Hingga kini Kementerian Kelautan dan Perikanan (KKP) bekerja sama dengan berbagai institusi riset dan universitas terus mengkaji terkait metode pencegahan serta pengobatan terhadap AHPND. Penelitian tersebut mencakup deteksi dini bakteri penyebab AHPND, peningkatan kualitas benur, serta inovasi teknologi akuakultur yang lebih ramah lingkungan. Hal ini terus digencarkan karena AHPND jika dibiarkan terus menerus dapat menyebabkan kerugian ekonomi yang cukup besar meliputi pencegahan, pengendalian, dan pemulihan tambak yang terinfeksi.

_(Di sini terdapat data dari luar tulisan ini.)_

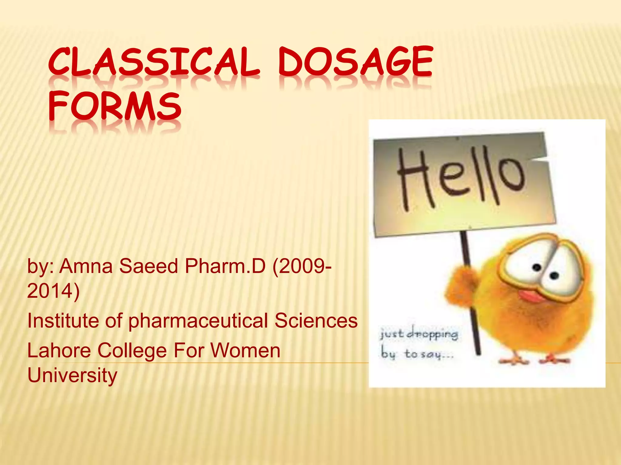 This document discusses classical dosage forms, which are conventional dosage forms prepared without advanced techniques. It describes lozenges as medicated candies dissolved in the mouth to soothe throat irritation. Pills are small, round solids containing medication. Cachets enclose medication within a wafer shell. Draughts are single-dose liquid preparations packaged in larger volumes. Suppositories and pessaries are solid medications inserted into orifices to exert local or systemic effects as they dissolve.

Untuk itu pemerintah Indonesia melakukan kerjasama dengan negara lain yang telah berpengalaman dalam menangani AHPND seperti Thailand dan Vietnam untuk berbagi informasi dan teknologi dalam mencegah dan mengelola AHPND. ULTRAAQUA menjadi teknologi yang membantu para petambak dalam menangani AHPND dengan menerapkan di banyak tambak intensif dan super intensif di Thailand dan Vietnam. Berikut ini merupakan link contoh kasus yang dapat digunakan untuk mengetahui penggunaan ULTRAAQUA di tambak yang berada di Vietnam.
Dari kasus tersebut, dapat diketahui bahwa ULTRAAQUA menjadi solusi tepat untuk menangani permasalahan berbagai penyakit pada udang termasuk AHPND yang meresahkan para petambak. Namun untuk mengatasi AHPND dengan baik diperlukan pendekatan terpadu antara petambak, pemerintah, akademisi, dan pemangku kepentingan lainnya agar sektor budidaya di Indonesia tetap berkelanjutan.